Un compagno onesto e generoso, Aurelio Fabiani, della Casa Rossa di Spoleto, qualche giorno fa non nascondeva la sua gioia nel leggere i risultati delle elezioni del 28 e 29 marzo: “Un non voto che ha colpito Centro Destra e Centro Sinistra. Un non voto che è diverso dal passato, perché è andato oltre il me ne frego, o il non ci credo, per dire ci avete stufato, con la vostra corruzione, con le risse tra poteri dello stato, con il vostro servilismo con chiunque appartenga alla crema danarosa di questo paese, sia esso industriale, bancario, mercante internazionale o padroncino di provincia”. Un voto contro il ceto politico, a suo dire, e quella che chiama”dittatura bipolare”; la tesi è che “anche se non sono tutti uguali, si rassomigliano tremendamente tutti” e che Centro Destra e Centro Sinistra meritano allo stesso modo la punizione.
"Mai confondere le proprie illusioni con la realtà" - diceva il vecchio Marx. E credo che invece il buon Aurelio si illuda quando s’immagina un non voto di ribellione e non invece qual è, di rassegnata disperazione.
Un approccio specularmente consolatorio intravedo anche nelle parole di un blogger che si firma Sed e commenta le elezioni da un bel sito da cinefili con un nome culinario: “court bouillon”. Per lui malauguratamente la disaffezione al voto non sembra troppo preoccupare “i politici”. Non nega la sconfitta del centrosinistra, ne condanna anzi la sottovalutazione da parte dei capi del Pd; e tuttavia sembra credere che alla base di essa sia la mancanza di un vero programma.

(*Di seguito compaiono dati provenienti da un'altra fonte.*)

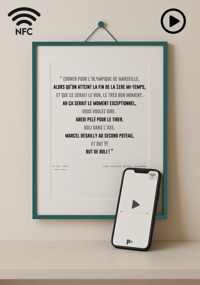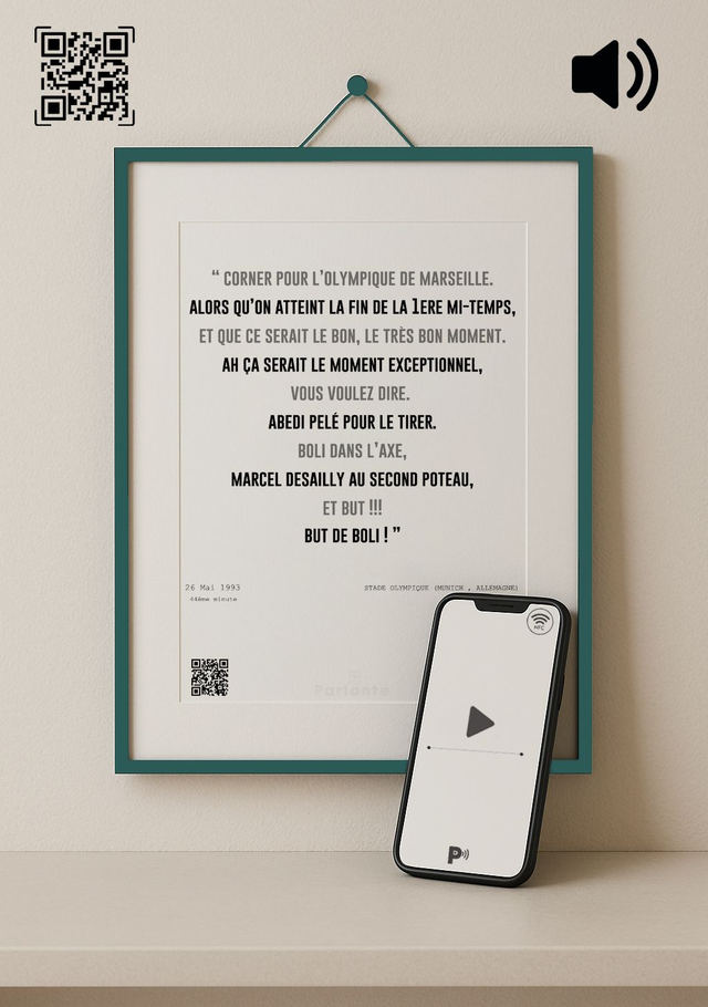 Affiche connectée football But Basile Boli 26 Mai 1993 OM Thierry Roland (Audio ou Vidéo inclus)

La ricetta che il riformista Sed propone mi pare non meno illusoria di quella del rivoluzionario Fabiani: bisognerebbe accantonare “l’idea del vincere come ossessione unica e riconoscibile” ed “elaborare il tema non meno affascinante del governare”. In verità con questi uomini e con questo profilo il Pd non andrà mai più al governo e comunque non saprebbe governare un fico secco.
Leggo infine, su “Repubblica”, più di un commento consolatorio: analisti che spiegano come il successo della Lega nasca in realtà da una caduta di consensi ridotta (solo duecento mila voti in meno rispetto alle politiche) a fronte di un più grave salasso subito da Pd e Pdl. Il non detto di siffatti ragionamenti è che, con i necessari aggiustamenti di coalizione, di proposta politica e programmatica, di leadership, sia possibile per il centro sinistra arrivare alle elezioni del 2013 competitivo e, perché no, vincente.
Una illusione, un po’ patetica, sembra infine animare anche quei compagni della sinistra che su Facebook promuovono gruppi in favore di Vendola candidato premier del centrosinistra. Sono un ammiratore di Nichi e assegno un valore strategico alla sua vittoria in Puglia; ma parlare adesso di “candidati premier” mi sembra un perseverare nell’errore che portò alla sconfitta il piacione Rutelli prima e il piacente Veltroni poi, nell’idea cioè che la vittoria della destra dipenda solo o soprattutto dalle capacità comunicative del leader.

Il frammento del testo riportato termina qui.